The notion that mainstream country radio lacks in quality, especially compared to country or Americana music that doesn't receive mainstream play, is not a new one. Simply put, when an artist (put quotes around that term for some of these jokers) takes a chance and releases something that's actually really good, radio doesn't play it (more on that in the soon to come best country singles of 2013 post). Write a song with the phrase "hey girl" or "beer chillin' in the cooler" or "she did a sexy dance on the bed of my truck and it turned me on so hard" and the chances are likely that you've written yourself a number one hit. And 2013 has proven to be the testiest year yet when it comes to this topic: You can read all about it here: How country music went crazy: A comprehensive timeline of the genre's identity crisis (Entertainment Weekly).

So here's a list of the worst of the worst from what I've heard. It's worth noting that it's comprised of all dudes. Some I forced myself to listen to based on the title alone, knowing I was in for the equivalent of an ear stabbing. Just so you know I don't take myself or this list too seriously, I should tell you there are two songs you may think you'll find on this list that aren't there: Blake Shelton's "Boys 'Round Here" and Florida Georgia Line's "Get Your Shine On." Reason being is that they were the "theme songs" for my family reunion in May and every time I hear them I can only think of fun times drunkenly singing them at the top of my lungs. So when it comes down to it, it's all relative really. (Don't worry, I also introduced them to Randy Rogers Band's "Fuzzy.")

If you like any of these songs, I don't hold it against you. If you like it, you like it; if it makes you happy, it makes you happy. But seriously, though, the songs listed below are terrible, lazy, and borderline offensive. For some unexplainable reason many folks who don't really listen to country radio anymore still care about what gets played there. We hold out hope that one day the tide will turn. Call it torture. Call it nostalgia. Whatever it is, it's fun to call bullshit on songs that continually contribute to the dumbing-down of the mainstream, giving the good stuff a bad name in the process because of the mistaken notion that the two are closely connected.

But I do it for you, the people.

"That's My Kind of Night" - Luke Bryan (Dallas Davidson / Christ DeStefano / Ashley Gorley) - I'm not sure what the worst line of this travesty is: I got that real good feel good stuff/ Up under the seat of my big black jacked up truck or All them other boys wanna wind you up and take you downtown (what is this chick, some kind of wind-up toy?) or A little Conway, a little T-Pain, might just make it rain. Okay, holy shit, the worst line is DEFINITELY that last one. Yes, he just named dropped classic country crooner Conway Twitty and often parodied auto-tune lover T-Pain in the same line. Based on that alone, this song is indeed--as Zac Brown famously said--one of the worst songs ever. In conclusion, I can't decide whether the cheesy faux hip-hop beat makes me want to drown myself in the rain Luke is going to make it do or shoot myself in the face.

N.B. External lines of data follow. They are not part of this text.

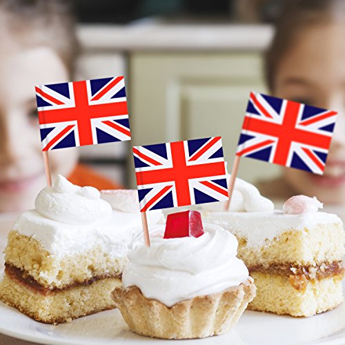 100 Pezzi Bandiera Britannica Stuzzicadenti l'Unione Jack Bandiera Torta Topper per Compleanno Matrimonio Baby Shower Giorno Nazionale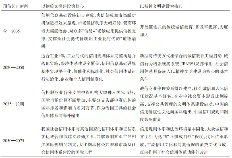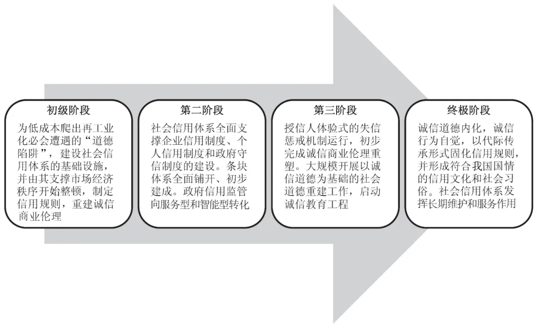 比较英国、法国、美国、日本和新加坡跨越工业化“道德陷阱”和社会道德重建的经历,参照我国建设和运行社会信用体系的历程,我们可以推论出社会道德重建和商业伦理重塑是具有规律性的。要实现愿景设立的任务目标,社会信用体系建设须取得若干个阶段性的成果,长期循序渐进地持续推进,大致情况如图3所示。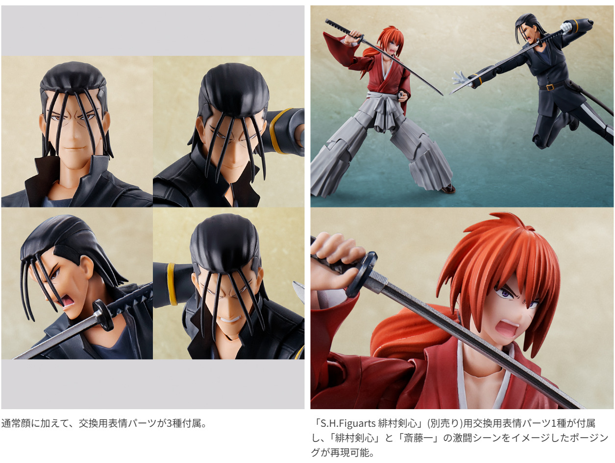 原作者・和月伸宏先生による監修の下、立体化!交換パーツなど豊富に付属し、パーツを組み合わせることで様々なポージングが再現可能。「S.H.Figuarts 緋村剣心」(別売り)と組み合わせて飾ることで世界観が広がる!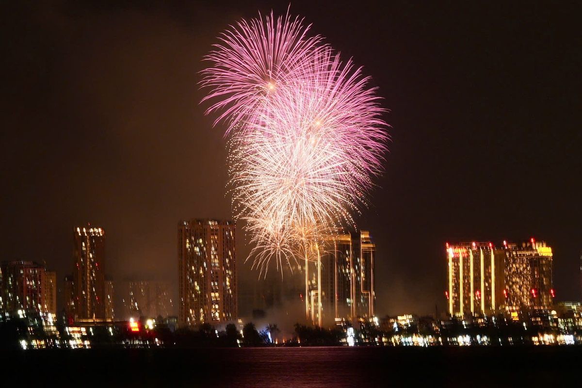 Pháo hoa bừng sáng bầu trời, tạo nên khung cảnh lung linh, đẹp mắt bên bờ biển TP.HCM.

"Chillin' It" - Cole Swindell (Shane Minor / Cole Swindell) - Don't let this catchy little ditty fool you, for it totally sucks the big one. Let me tell you why: Pour it on easy now, don't spill a bit/ Nothin' tonight but time, let's get to killin' it/ Long as I'm rockin' with you girl/ You know I'm cool with just chillin' it. I am stupider just for typing that. Did you see that? He rhymed "chillin'" with "killin'" and "chillin'" is a play on "cool" cuz they both mean COLD! Does anybody even know what "chillin' it" means? Do people actually say that? I thought that when I was just hanging out, I was "chillin'." Give credit where credit is due though: The phrase "chillin' like a villain" does not get a shout out, which is a genuine shocker.

"Redneck Crazy" - Tyler Farr (Mark Irwin / Josh Kear / Chris Tompkins) - I mean, you really start to wonder if anyone even cares about lyrics anymore. Please, young people, do not handle a break up the way this douchey narrator does: by drunkenly stalking your ex in the middle of the night and throwing beer cans at her house. Thing is, this concept could perhaps be made into a decent song if there was even the slightest hint of irony or humor. But it's played dead straight, even lines as cringe-worthy as I'm about to get my pissed off on and Nah, he can't amount to much by the look of that little truck. So if driving a little truck means you're a pussy, what does it mean if you drive a Camry (me)? Check that. I don't give a shit. Brantley Gilbert, you have met your match.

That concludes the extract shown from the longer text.